With Conda (+pip) you can install the newest version of TensorFlow with GPU support in a single line.

conda create --name tensorflow-22 \\ 
 tensorflow-gpu=2.2 \\ 
 cudatoolkit=10.1 \\ 
 cudnn=7.6 \\ 
 python=3.8 \\ 
 pip=20.0

While the above one-line solution works great if you just want to get up and running quickly to try out some new feature of TensorFlow 2.2, if you are starting a new project using TensorFlow 2.2, then I would recommend creating an environment.yml file for your project and then installing your Conda environment as a sub-directory inside your project directory.


Create an environment.yml file in your project directory

name: null

channels: 
 - conda-forge 
 - defaults
 
dependencies: 
 - cudatoolkit=10.1 
 - cudnn=7.6 
 - nccl=2.4 
 - pip=20.0 
 - python=3.8 
 - tensorflow-gpu=2.2

Install the Conda environment inside your project directory

conda env create --prefix ./conda_tf22_env --file environment.yml --force

There are a number of benefits of using Conda (+pip) to install TensorFlow.


1. Most importantly there is no need to manually install the NVIDIA CUDA Toolkit, cuDNN, or NVIDIA Collective Communications Library (NCCL).

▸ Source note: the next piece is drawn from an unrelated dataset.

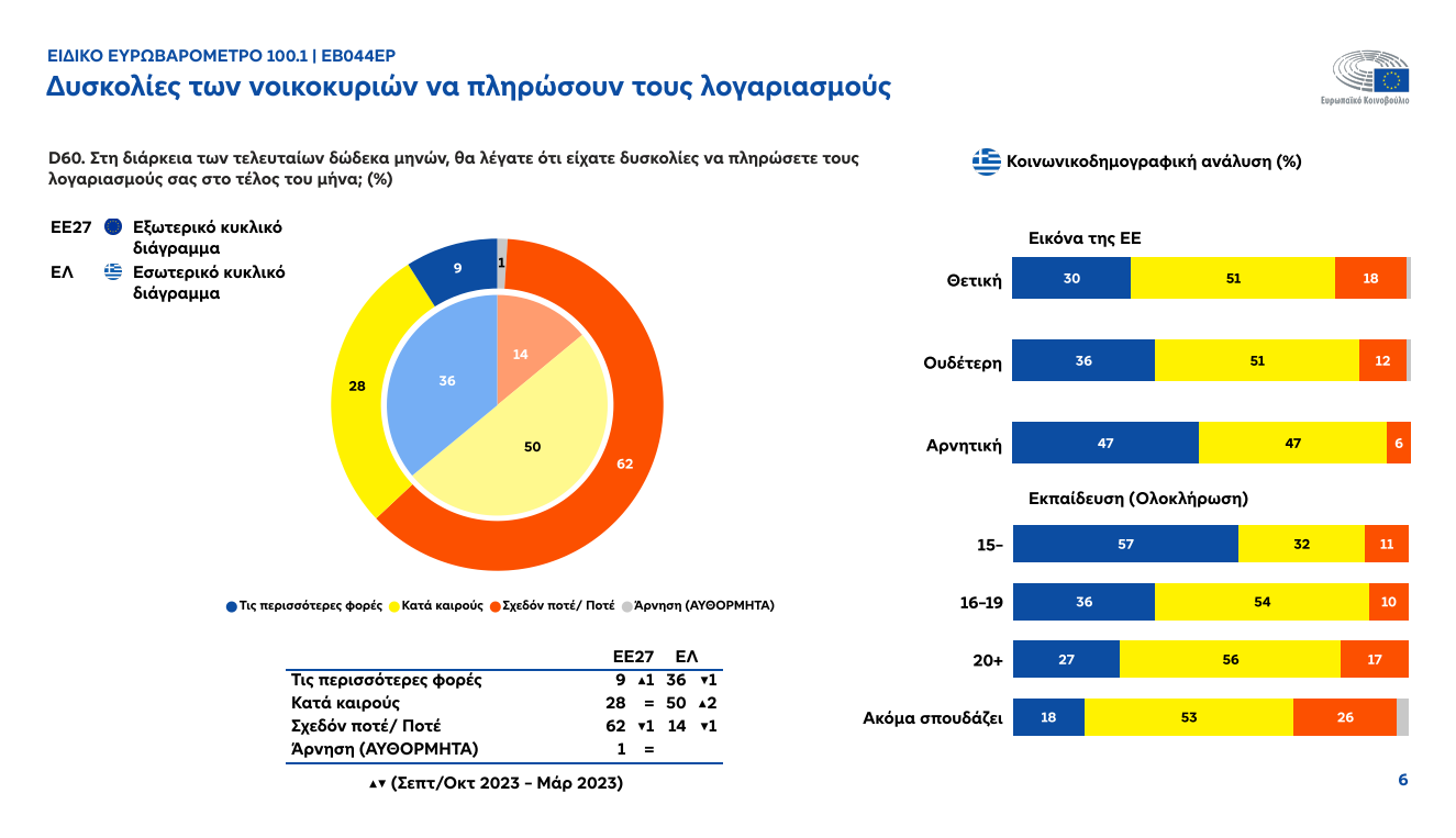 Ευρωβαρόμετρο: 8 στους 10 Έλληνες δεν μπορούν να πληρώσουν τους λογαριασμούς
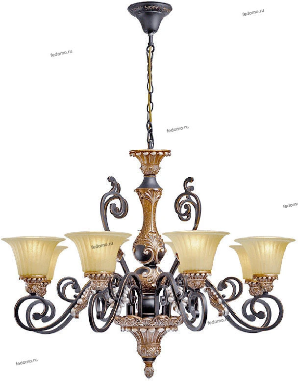 Люстра подвесная кованая 254012308 из серии Версаче от компании Chiaro регулируется по высоте и устанавливается на металлический крюк. Классическая люстра прекрасно подойдет в качестве источника основного света для гостиной, спальни, кабинета. Основной цвет модели - коричневый, материал арматуры - металл. Люстра имеет 8 плафонов со свечением вверх, материал изготовления - стекло. Модель оснащена цоколем E27 (8хE27), имеет 8 лампочек с общей мощностью 480W и напряжением 220V. Светильник поддерживает подключение диммера. Габариты: высота - 2300 мм, диаметр - 940 мм, длина подвеса - 1550 мм. Лампочки в комплект не входят. Лучшая цена и условия доставки на Chiaro 254012308 в интернет-магазине Fedomo.ru.

Installing TensorFlow into a virtual Conda environment instead of installing system-wide avoids touching the system Python and allows you to have multiple versions of TensorFlow installed on your machine (if needed).


2. Secondly, if you elect to go with my preferred approach, you will also have an environment.yml that your colleagues and peers can use to rebuild your Conda environment on their machines or that you can use to re-build your Conda environment on public clouds such as AWS, GCP, Microsoft Azure.